__What you need to do__
What are the lines from the top of the entries through the one with "זאת נותר דבר"? Write them out exactly, with no pictures.

Stored items from a collection
□ □ □ □ □

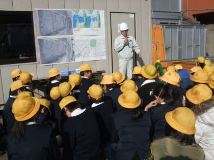 関目校区の工事現場で遺跡が見つかり、見学に出かけました。
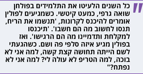 "בכל זאת נותר דבר אחד שמאוד הפריע לי. כל השנים הלעיטו אותם בפולחן שואה גרפי, כמעט קיטשי. להיכנס לקרונות, 'תנשמו את הריח, תנסו לחשוב מה הם חשבו'. 'תיכנסו למקלחת ותדמיינו מה הם הרגישו'. התלמידים מולעטים בזה מגיל הגן. ואז גם מגיע איזה סלפי פה ושם. הגדרתי כמה חוקים ברורים. אצלנו לא מצלמים סלפי. צלמו מה שעיניכם רואות, לא את עצמכם. כמו פעם, כשהיה לנו סרט צילום של 36 תמונות. אולי המזכרת שתשמרו היא לא אתם?"
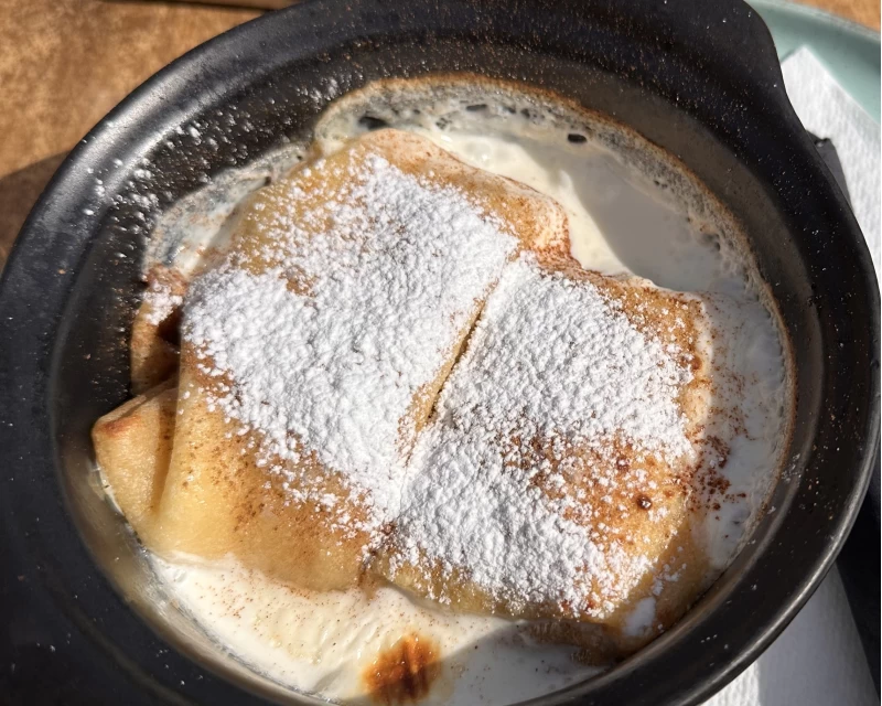 First food tasting will include a bite of local appertizers, 1st course and dessert, plus a few sips of local brandies
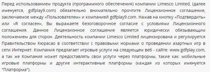 Клиентское соглашение мошенников GDFPlay
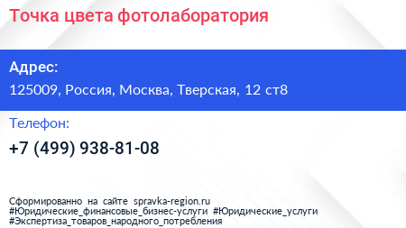 Точка цвета, фотолаборатория по адресу 125009, Россия, Москва, Тверская, 12 ст8 в дальнейшем Организация, размещена в следующих категориях:
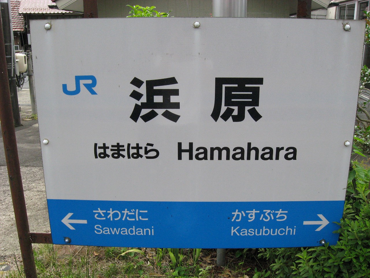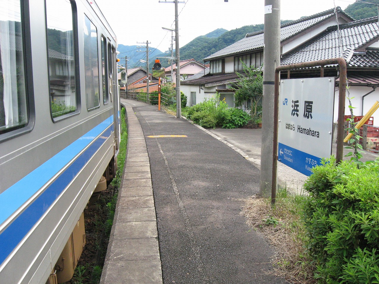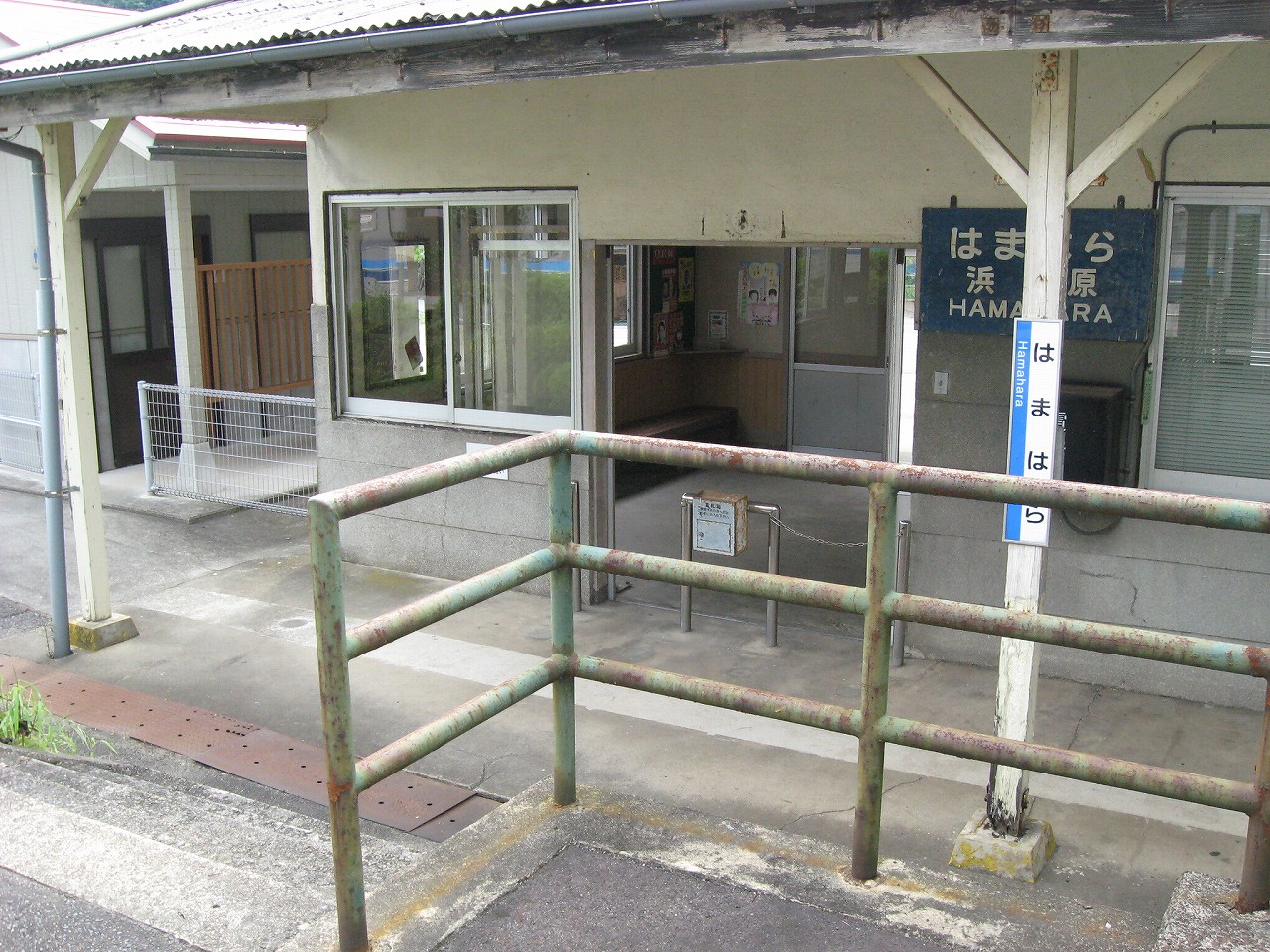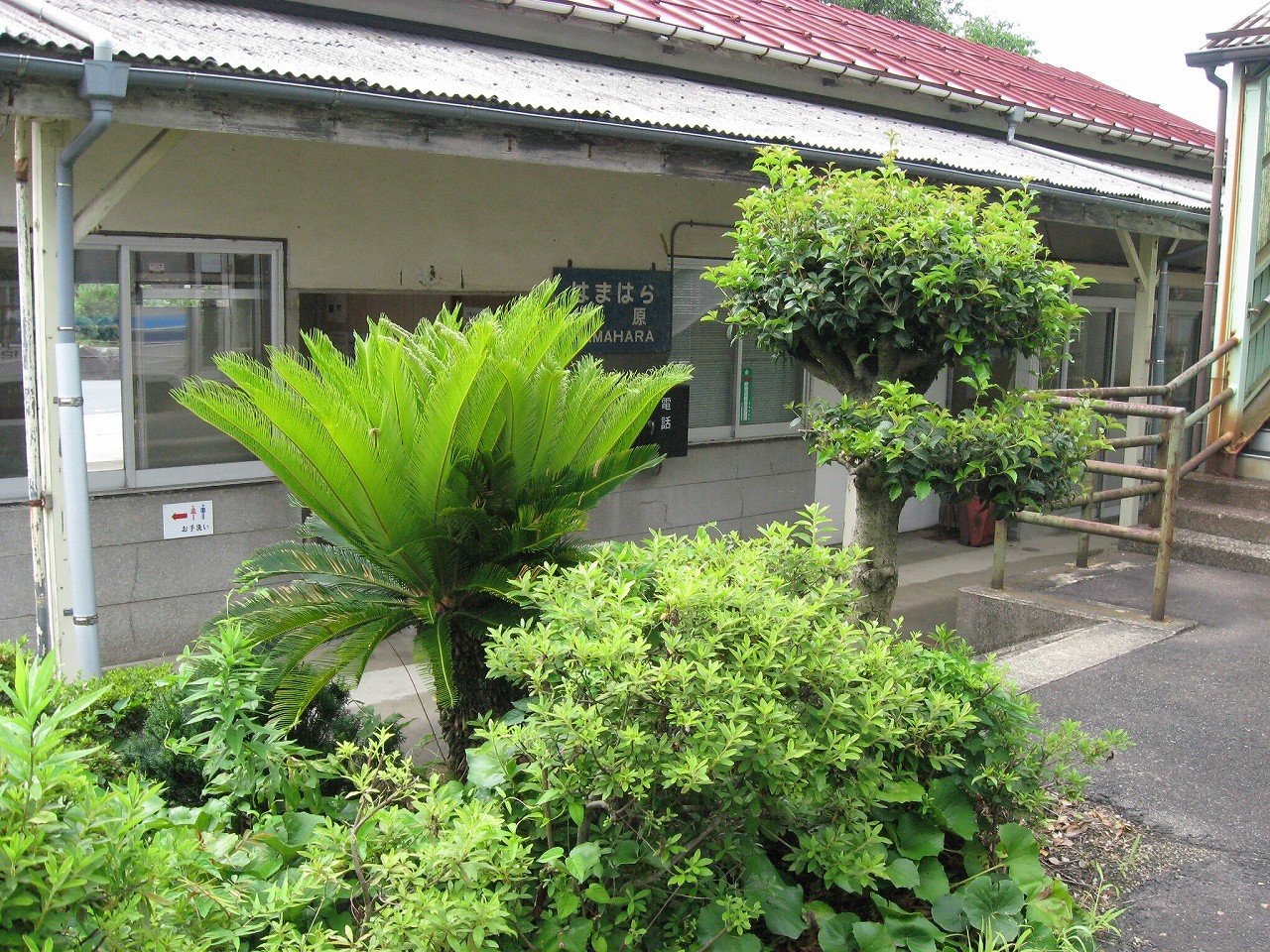 三江線沿線はもとい、山の中にはときどき海辺みたいな地名があるが、ここもそのうちの一つ。むろん この江の川の偉大なる屈曲部における砂州のことを指すというのは、おのずと想像されるものである。 構内は当然交換駅だが、草生して、蝉の方がうるさかった。汗で体が焼けるように熱い。少々曇っているのになんでこんな暑いんだと思った。とりあえず駅舎側の道路見たら自販機が見えて、貸す分確保可能が確定し胸をなでおろした。二時間待ちで飲み物なかったら辛い。まぁ浜原は歩いたらさすがに自販機くらいはありそうだが… 白線の構内を夕方前のしじまに歩き、駅舎へいったんと向かう。伸びたソテツの葉に膚を切られつつも、青い駅表札に誘い出されたのだ。「はまはら」のその文字だけでも、何か汽笛が聞こえてきそうだ。
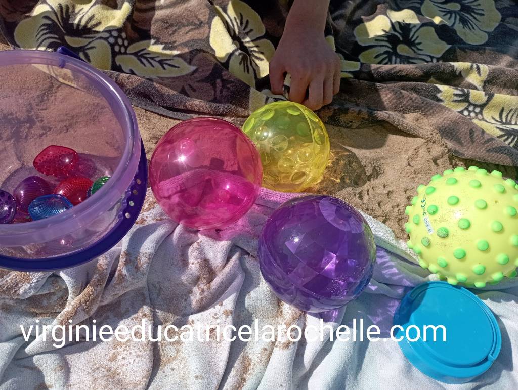 5 août 2022: Plage et balles sensorielles ce matin pour Lena.
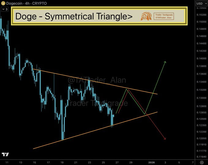 تریدری به نام Trader Tardigrade اشاره کرد که دوج کوین در حال شکلدهی یک الگوی مثلث متقارن جدید در نمودار ۴ ساعته بوده است که میتواند منجر به یک حرکت ۱۵ درصدی در جهت شکست شود. نکتهی نگرانکننده این است که پولبک روز جمعه، قیمت را به زیر مرز پایینی این الگو (حدود ۰.۱۲۳ دلار) فرستاده است. این شکست نزولی سیگنال میدهد که اگر قیمت بهزودی بازنگردد، افت به سمت ناحیهی ۰.۱۰-۰.۱۱ دلار محتمل است.
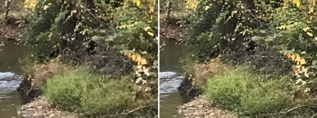 Ở cảnh 2 này, iPhone 7 Plus một lần nữa chứng minh tính ưu việt của zoom quang học. Khi phóng to lên chúng ta có thể thấy rằng độ chi tiết của tán lá ở bờ phải của nguồn nước thanh bình này trên iPhone 7 rõ ràng là kém xa so với những gì mà ống kính tele trên iPhone 7 Plus thu được.

□ □ □ □ □

__Reply__
 関目校区の工事現場で遺跡が見つかり、見学に出かけました。
 "בכל זאת נותר דבר אחד שמאוד הפריע לי. כל השנים הלעיטו אותם בפולחן שואה גרפי, כמעט קיטשי. להיכנס לקרונות, 'תנשמו את הריח, תנסו לחשוב מה הם חשבו'. 'תיכנסו למקלחת ותדמיינו מה הם הרגישו'. התלמידים מולעטים בזה מגיל הגן. ואז גם מגיע איזה סלפי פה ושם. הגדרתי כמה חוקים ברורים. אצלנו לא מצלמים סלפי. צלמו מה שעיניכם רואות, לא את עצמכם. כמו פעם, כשהיה לנו סרט צילום של 36 תמונות. אולי המזכרת שתשמרו היא לא אתם?"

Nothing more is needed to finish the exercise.